Title: Network Systems and Kuramoto Oscillators
Network systems are mathematical models for the study of cooperation, propagation, synchronization and other dynamical phenomena that arise among interconnected agents. Network systems are widespread in science as fundamental modeling tools. They also play a key growing role in technology, e.g., in the design of power grids, cooperative robotic behaviors and distributed computing algorithms. Their study pervades applied mathematics.
This talk will review established and emerging frameworks for modeling, analysis and design of network systems.
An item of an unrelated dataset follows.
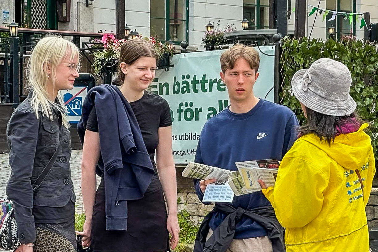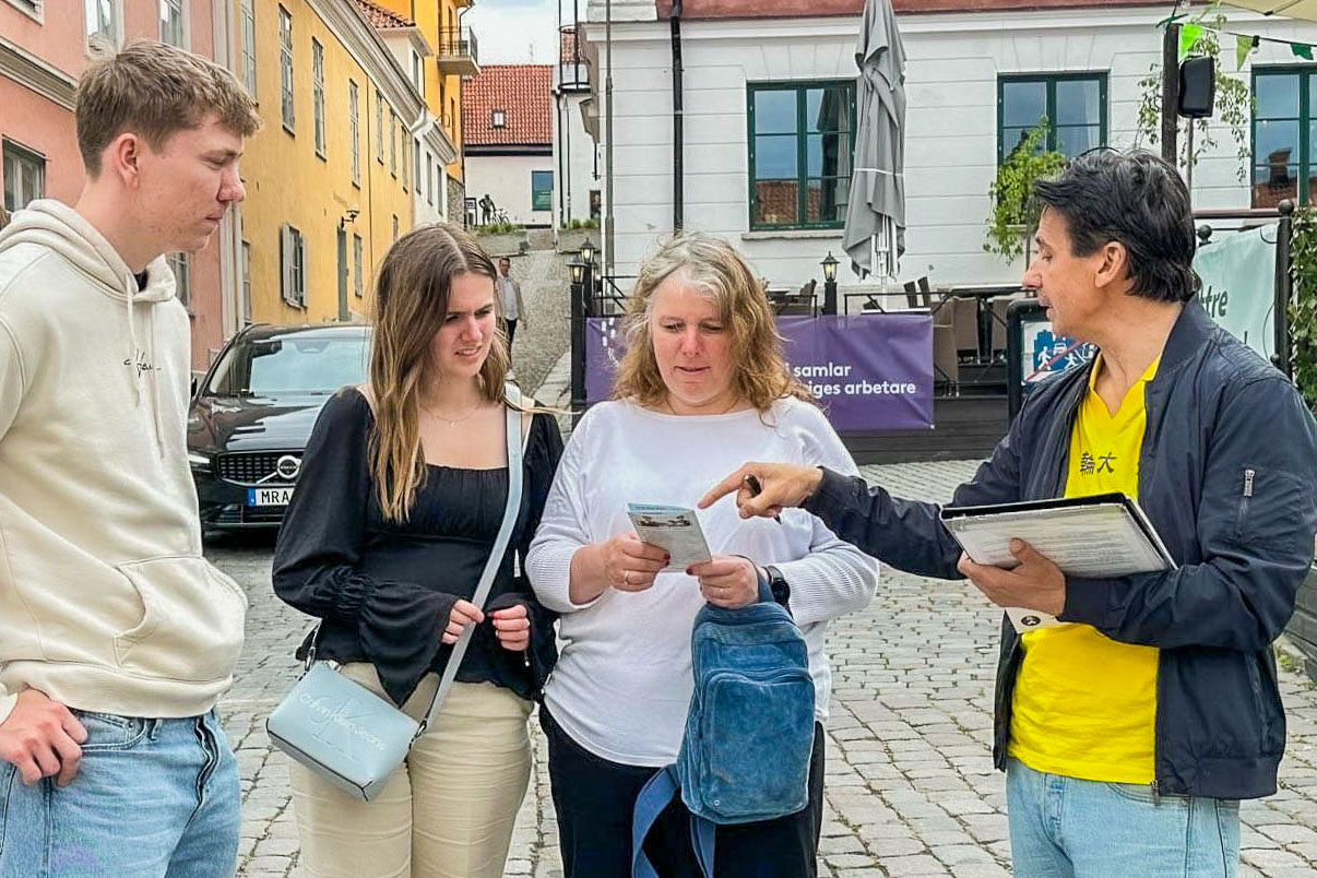 Porodica od troje (majka i njene ćerke) iz Linčepinga dugo se zadržala kod štanda. Majka je rekla praktikantima da su došle ovde da razgovaraju sa praktikantima i izraze svoju zahvalnost. Objasnila je da su tri godine dobijale informacije o predstavama Shen Yuna u Linčepingu, i da je porodica konačno videla predstavu ovog proleća. Majka je rekla da je to bila najlepša i najbolja predstava koju su ikada videli. Bila je ganuta do suza dok je govorila i izražavala svoju zahvalnost za Falun Gong i Shen Yun. Porodica od troje je bila ganuta upornim naporima praktikanata u razjašnjavanju istine i dugo su razgovarali sa praktikantima.

I will survey the available comprehensive theory for linear network systems and then highlight selected nonlinear concepts. Next, I will focus on recent developments on the analysis of security and transmission capacity in power grids. I will review the Kuramoto model of coupled oscillators and present recent results on its synchronization behavior.
Francesco Bullo is a Professor with the Mechanical Engineering Department and the Center for Control, Dynamical Systems and Computation at the University of California, Santa Barbara. He was previously associated with the University of Padova, the California Institute of Technology, and the University of Illinois. His research interests focus on network systems and distributed control with application to robotic coordination, power grids and social networks. He is the coauthor of “Geometric Control of Mechanical Systems” (Springer, 2004) and “Distributed Control of Robotic Networks” (Princeton, 2009); his forthcoming “Lectures on Network Systems” is available on his website. He received best paper awards for his work in IEEE Control Systems, Automatica, SIAM Journal on Control and Optimization, IEEE Transactions on Circuits and Systems, and IEEE Transactions on Control of Network Systems. He is a Fellow of IEEE and IFAC. He has served on the editorial boards of IEEE, SIAM, and ESAIM journals, and will serve as IEEE CSS President in 2018.